> What the task asks
Give every line of the data again, unchanged, but with no pictures.

> Information supplied
○ ○ ○ ○ ○ ○ ○

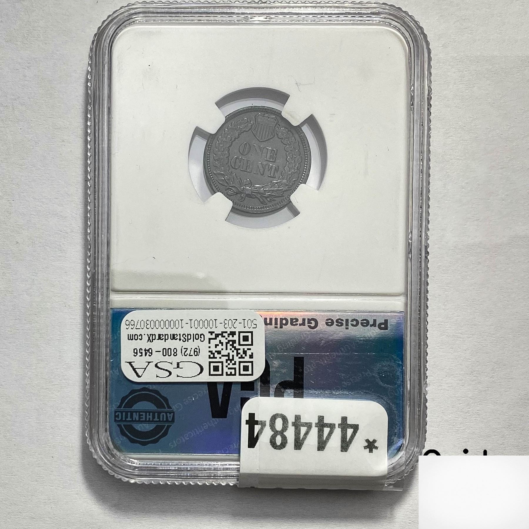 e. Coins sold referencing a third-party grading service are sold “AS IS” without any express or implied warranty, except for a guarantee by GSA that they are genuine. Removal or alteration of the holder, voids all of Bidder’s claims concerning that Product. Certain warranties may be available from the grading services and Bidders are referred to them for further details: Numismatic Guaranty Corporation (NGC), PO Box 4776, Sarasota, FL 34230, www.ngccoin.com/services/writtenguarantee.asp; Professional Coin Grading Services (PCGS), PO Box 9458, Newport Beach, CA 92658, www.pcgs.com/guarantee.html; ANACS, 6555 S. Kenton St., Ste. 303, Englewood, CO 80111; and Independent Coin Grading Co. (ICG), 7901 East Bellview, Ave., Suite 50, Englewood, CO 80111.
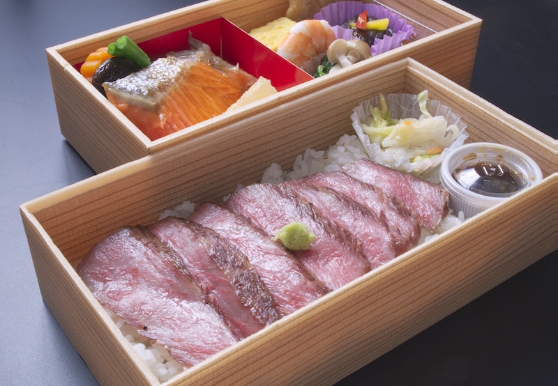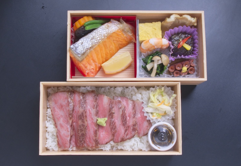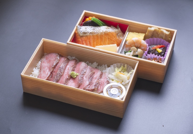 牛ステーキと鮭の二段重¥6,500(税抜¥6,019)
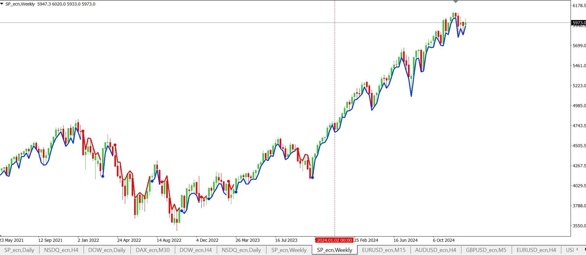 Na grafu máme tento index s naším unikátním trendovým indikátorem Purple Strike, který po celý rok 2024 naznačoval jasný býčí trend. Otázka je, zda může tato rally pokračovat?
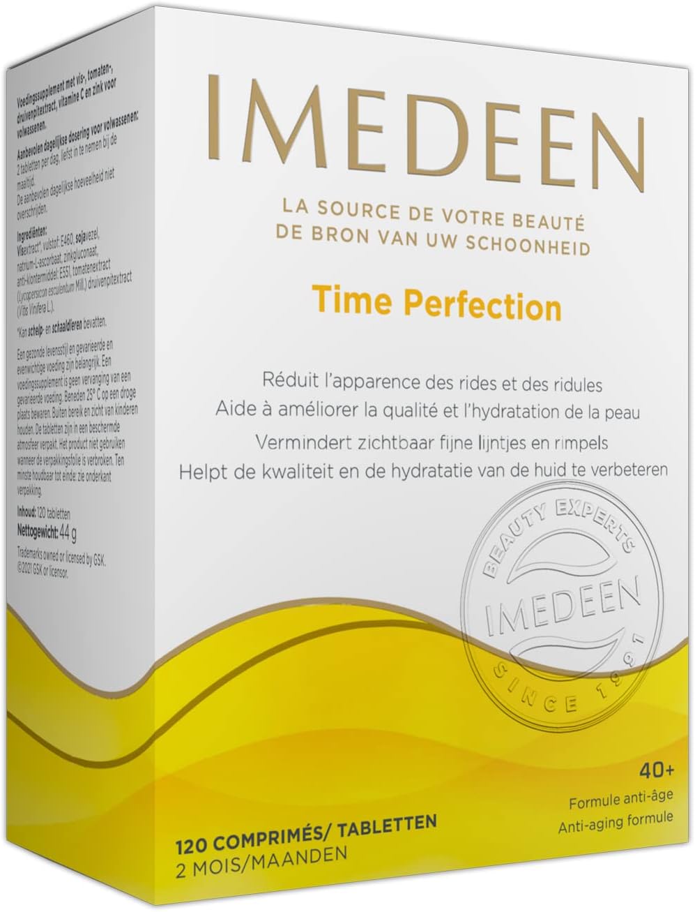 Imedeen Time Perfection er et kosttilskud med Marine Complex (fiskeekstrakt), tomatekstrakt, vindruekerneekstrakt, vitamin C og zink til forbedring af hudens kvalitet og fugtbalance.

○ ○ ○ ○ ○ ○ ○

> The answer
 e. Coins sold referencing a third-party grading service are sold “AS IS” without any express or implied warranty, except for a guarantee by GSA that they are genuine. Removal or alteration of the holder, voids all of Bidder’s claims concerning that Product. Certain warranties may be available from the grading services and Bidders are referred to them for further details: Numismatic Guaranty Corporation (NGC), PO Box 4776, Sarasota, FL 34230, www.ngccoin.com/services/writtenguarantee.asp; Professional Coin Grading Services (PCGS), PO Box 9458, Newport Beach, CA 92658, www.pcgs.com/guarantee.html; ANACS, 6555 S. Kenton St., Ste. 303, Englewood, CO 80111; and Independent Coin Grading Co. (ICG), 7901 East Bellview, Ave., Suite 50, Englewood, CO 80111.
 牛ステーキと鮭の二段重¥6,500(税抜¥6,019)
 Na grafu máme tento index s naším unikátním trendovým indikátorem Purple Strike, který po celý rok 2024 naznačoval jasný býčí trend. Otázka je, zda může tato rally pokračovat?
 Imedeen Time Perfection er et kosttilskud med Marine Complex (fiskeekstrakt), tomatekstrakt, vindruekerneekstrakt, vitamin C og zink til forbedring af hudens kvalitet og fugtbalance.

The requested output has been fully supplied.